Dear All (and with apologies … long note alert!):
Yesterday’s AMDAC was very productive. For reference, all the materials are here and a reasonably detailed set of notes are found below my signature. For further color, David Shlaes has also posted a summary on his Perfect Storm blog.
FDA nicely positioned the question for the day as “It will be easy to approval a new narrow-spectrum agent if clean non-inferiority or superiority data are possible, but we think it likely that this will be the exception rather than the rule. If we are presented instead with a product that seems to have all the right stuff preclinically but where the best available clinical data are unclear, how should we proceed?”
In response, my core takeaway is that the committee overall (some dissent, some nuances) recognized:
- the pressing public health threat,
- the potential role that narrow-spectrum agents might play for selected pathogens,
- the challenges in predictably generating typical amounts of data, and
- the need to cautiously permit a pathway built on lots of animal model data, lots of human PK data, a good understanding of safety, and at least some clinical efficacy data.
But, also coming through loudly and clearly was the message that this is really a pathway of last resort … every effort should be made to generate the best possible clinical data. Put in Tier A-B-C-D language (Lancet ID 13:269-75, 2013), approval could be based only Tier C-quality data if you truly have no choice … but, please, please, PLEASE get as close to the quality of data expected in Tier B as you can.
All of this makes good sense to me and I think this is a great outcome for the day – perhaps not a home run but certainly a triple if you’ll permit a baseball metaphor. I especially liked the balance around the idea that “you can rely more heavily on animal models + human PK if you really have no other options” vs. “If you bring a rock-bottom clinical package, the drug will be viewed skeptically … it is in everyone’s interest if you do more.”
Let me close by thanking our colleagues at FDA for the many hours of effort that went into bringing us to yesterday’s AMDAC. The two prior workshops have definitely moved the conversation forward and I can see how this could become a guidance document in short order. Exciting!

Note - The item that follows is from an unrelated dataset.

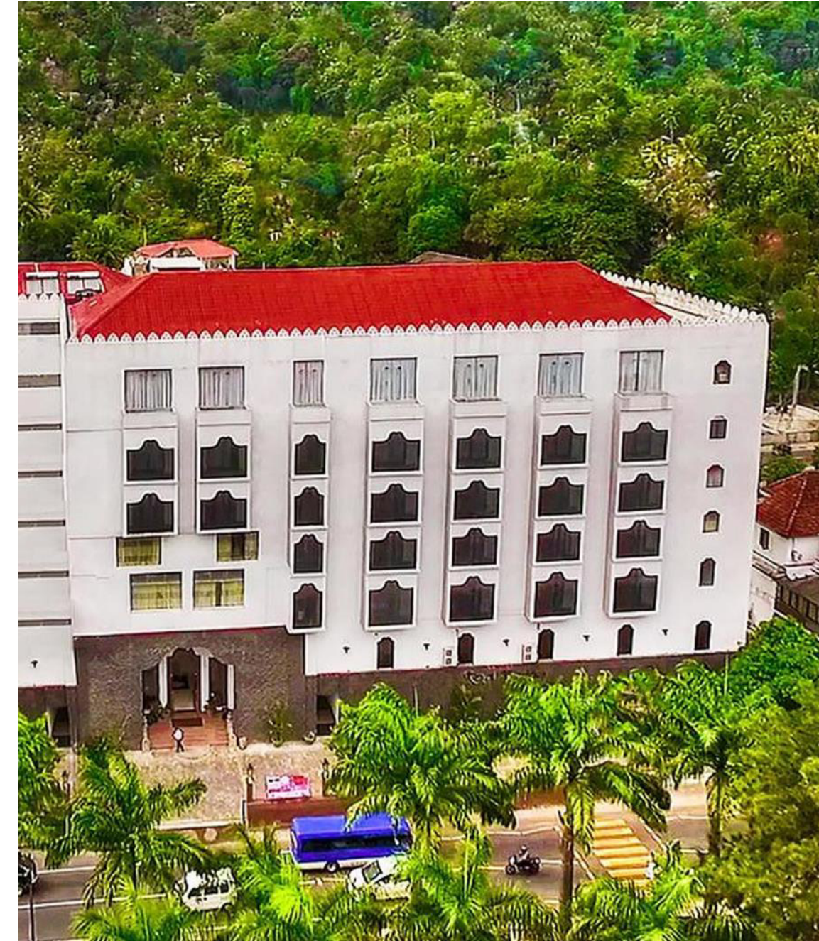
Kandy - Royal Kandyan

And finally, the topic of forward conversations brings up this list of events (in addition of course to ECCMID, etc.). I hope to see you at some or all of:
- NIAID’s PKD-PD workshop (14-15 June)
- The ASM-ESCMID conference (6-8 Sep) with its associated 5 Sep CARBX-GARDP Antibiotic Bootcamp
- FDA/CDRH’s 13 Sep workshop on Antimicrobial Susceptibility and Resistance Testing Devices
All best wishes and safe travels,
John
John H. Rex, MD | Chief Medical Officer, F2G Ltd. | Chief Strategy Officer, CARB-X | Expert-in-Residence, Wellcome Trust. Follow me on Twitter: @JohnRex_NewAbx
== Detailed notes ==
The day begain with these presentations:
- FDA provided a thorough review of the regulatory background (Ed Cox, Sumati Nambiar) and the two prior workshops (Yuliya Yasinskaya)

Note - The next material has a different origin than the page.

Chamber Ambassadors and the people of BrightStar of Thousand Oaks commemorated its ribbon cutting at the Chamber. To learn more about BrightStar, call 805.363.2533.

- 18-18 July 2016: https://www.fda.gov/Drugs/NewsEvents/ucm497650.htm
- 1 Mar 2017: https://www.fda.gov/Drugs/NewsEvents/ucm534031.htm
- Two case studies
- Entasis (Robin Isaacs) presented the strategy for their anti-Acinetobacter compound
- FDA (Peter Kim) presented a summary of the currrent strategy for Polyphor’s anti-Pseudomonas compound
- Details on these two can be found in the 1 Mar 2017 materials online – the presentations given today were largely identical to those given in March
- IDSA (Trish Perl-DeLisle) presented the IDSA view
- New drugs are desperately needed; ID clinicians can handle uncertainty; We must find a way!
- IDSA noted there is an in press paper at JID that provides further details (disclaimer: I am a co-author on this)
- Open Public Hearing
- There were 3 presentations that focused principally on critiques of non-inferiority. Their core themes were that (a) new drugs should be superior and (b) non-inferiority studies are unethical. On (a), the speakers failed to understand that new antibiotics offer superior microbiology that can’t be shown directly. On (b), the speakers failed to understand that merely having a superiority hypothesis doesn’t mean that the drug will be so. The confusion on these points is so long-standing and frustrating! As at least a partial further response, a group of us have a paper in press at CID in which we explore these issues at greater length – I’ll share it in a future note.

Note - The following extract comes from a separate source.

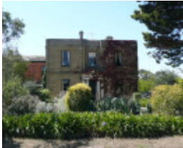
LUNAN HOUSE SOHE 2008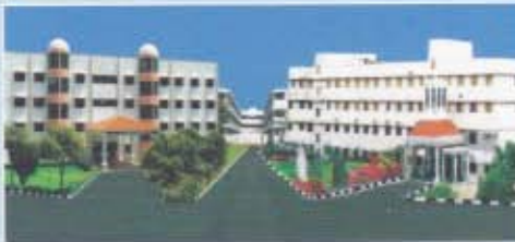
Francis Xavier Engineering College

- I was the 4th OPH speaker and my comments were that the crisis that’s upon us mandates work to enable pathways for needed agents. Narrowing the discovery focus to a single species can be helpful and we simply must have paths for the two real examples before us now (Entasis, Polyphor). I closed by urging the committee to endorse the idea of approvals built on animal model data + human PK + safety data + best possible clinical data. In short, I favored sins of Commission over sins of Omission (so to speak).
There were no votes taken but rather the meeting ended with the committee providing verbal commentary on two questions (paraphrased):
- What are you views on the ideas presented for program progression for narrow-spectrum Pae or Abau drugs (NI, superiority, classical Animal Rule, microbiology as surrogate, PK as surrogate)?
- What should FDA do if, despite all best efforts to generate high quality data, the clinical trial results are murky due to such confounding factors as prior therapy, comorbidities, etc.?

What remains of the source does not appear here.